Interactive Investor

Oil rally could make $80-plus

16th April 2015 11:14

Lee Wild from interactive investor

A 20% surge in oil prices inside a month has created quite a stir. Brent crude traded below $53 mid-March. It's now nudging $63, a level not seen since December, driven by a much lower-than-expected rise in US oil inventories and slowdown in production in the Bakken - one of the biggest US shale plays.

A question that both investors and market commentators alike have been asking and arguing about since the collapse in oil prices, has been how low can they go, and when will the recovery begin?

In January, UBS strategist Matthew Mish adopted a "lower for longer" mantra, as this downturn is driven by both higher supply and weaker demand. "This suggests the current selloff could take longer to play out and the eventual recovery could be more muted," he said.

He wasn't alone, and even Shell's assumptions, flagged as part of its purchase of BG Group last week, are for Brent crude at $67 per barrel in 2016, $75 in 2017 and $90 for 2018-2020.

Consensus estimates are for somewhere between $50 and $65 a barrel in 2015, and many experts predict a lurch lower before a very slow and modest recovery. Mark Henderson at Westhouse Securities, however, does not.

"Consensus is 99.9% of the time wrong," Henderson told Interactive Investor Thursday. "The oil price could be at $80-plus within the next six months. It could even be more."

"The fact that we have had a strong rally over the past few weeks despite negative press suggests that people are looking beyond that now and at what could happen."

Source: TradingView

A key tenet of Henderson's theory hinges on shale production in the US. A new shale oil well can produce an average of 600-700 barrels of oil a day. But these wells do not yield positive free cash in their first 6-12 months, even at an $80 a barrel. Output tails off very quickly, too, and production can halve over the next 6-12 months. It's why shale players must keep drilling fresh wells.

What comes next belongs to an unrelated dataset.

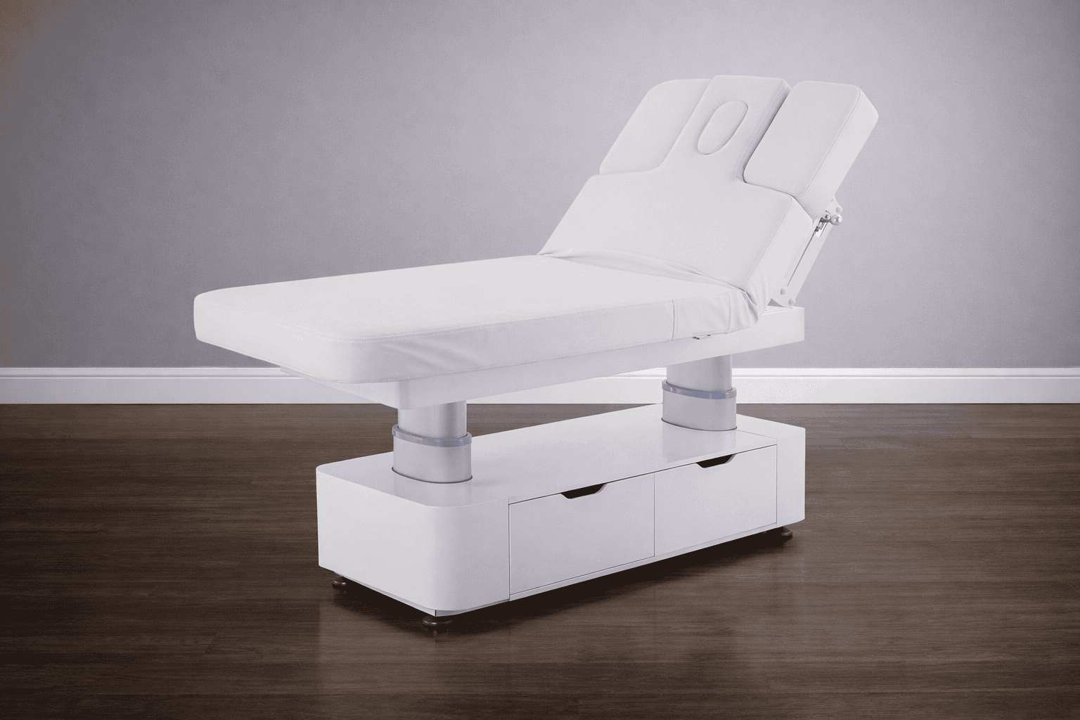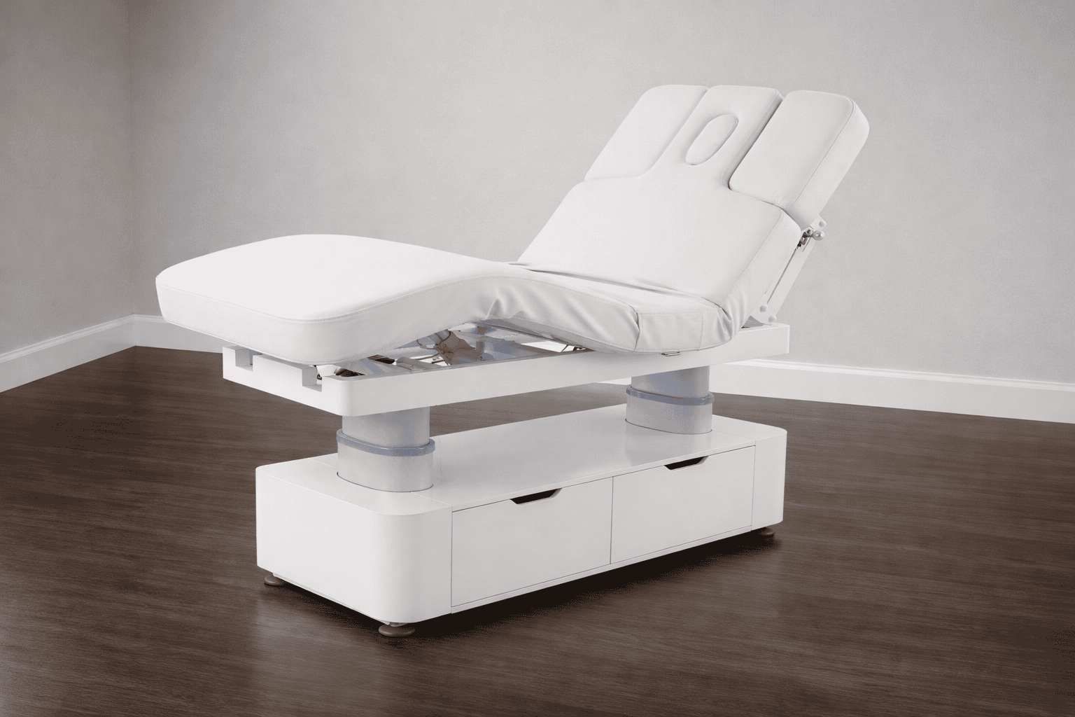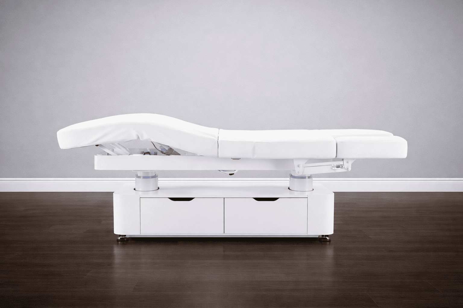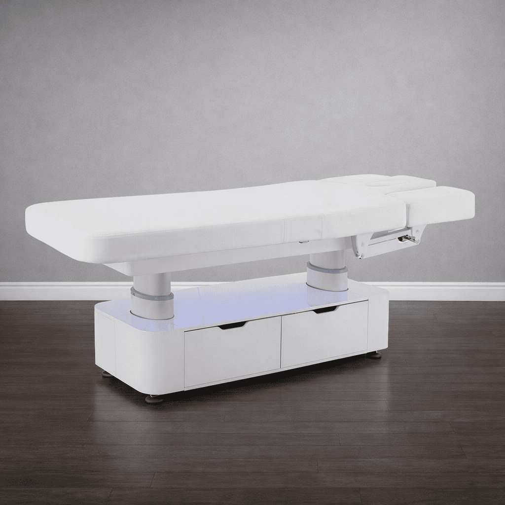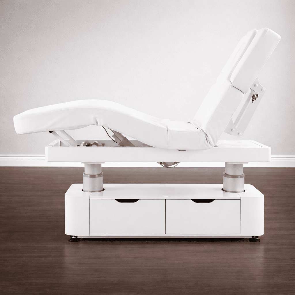 Стол изготовлен с учётом всех потребностей современной индустрии красоты. Мягкое и комфортное ложе имеет несколько секций и 4 мотора для плавной регулировки высоты и угла наклона подвижных частей. Рама изделия выполнена из стали высокой прочности и выдерживает нагрузку до 150 кг, что гарантирует долгий срок службы оборудования.

But the US government tips the domestic shale oil industry - responsible for about half of US output - to record its first monthly dip in production since records began in 2013.

"The US shale oil bonanza will be looked back on, like the US real estate bubble (and for that matter the Irish real estate bubble), as one of the great Ponzi schemes of the past few decades," says Henderson. "With huge liquidity (driven by record low interest rates and QE), banks have chased supposed one-way bets to their extremes and have now been caught by a 50% drop in the oil price."

"It is possible that US oil production could be DOWN by 1mmbopd within the next 9 months."

Much of the four million barrels of oil per day (mmbopd) increase in US production of the past four to five years has been driven by shale. However, in the past 10 years, non-OPEC production has grown by 1.5mmbopd net, which implies that without US shale, non-OPEC production has actually declined by 2.5mmbopd.

"If anyone was in any doubt that Saudi Arabia was in control of the oil market, now might be the time to rethink it. If they wanted, oil could be at $150/bbl by year end," reckons Henderson. "However, hopefully, it won't. The Saudis are not stupid; they don't want to kill the golden goose. They will try to manufacture a steady and unremarkable increase in the oil price back to the $70-80/bbl range by slowly releasing additional volumes onto the market."

"Markets do not necessarily behave in a rational fashion, however, and there will be short-term swings in sentiment, but I believe that oil prices could reach levels that nobody dares to suggest in coming months."

Henderson believes the best time to own E&P stocks is in the early phase of the recovery (see chart below). "I think we're close, if not already there." Henderson's top picks are still Tullow, Genel, Ithaca, Faroe, Lekoil, and Rockhopper.

This article is for information and discussion purposes only and does not form a recommendation to invest or otherwise. The value of an investment may fall. The investments referred to in this article may not be suitable for all investors, and if in doubt, an investor should seek advice from a qualified investment adviser.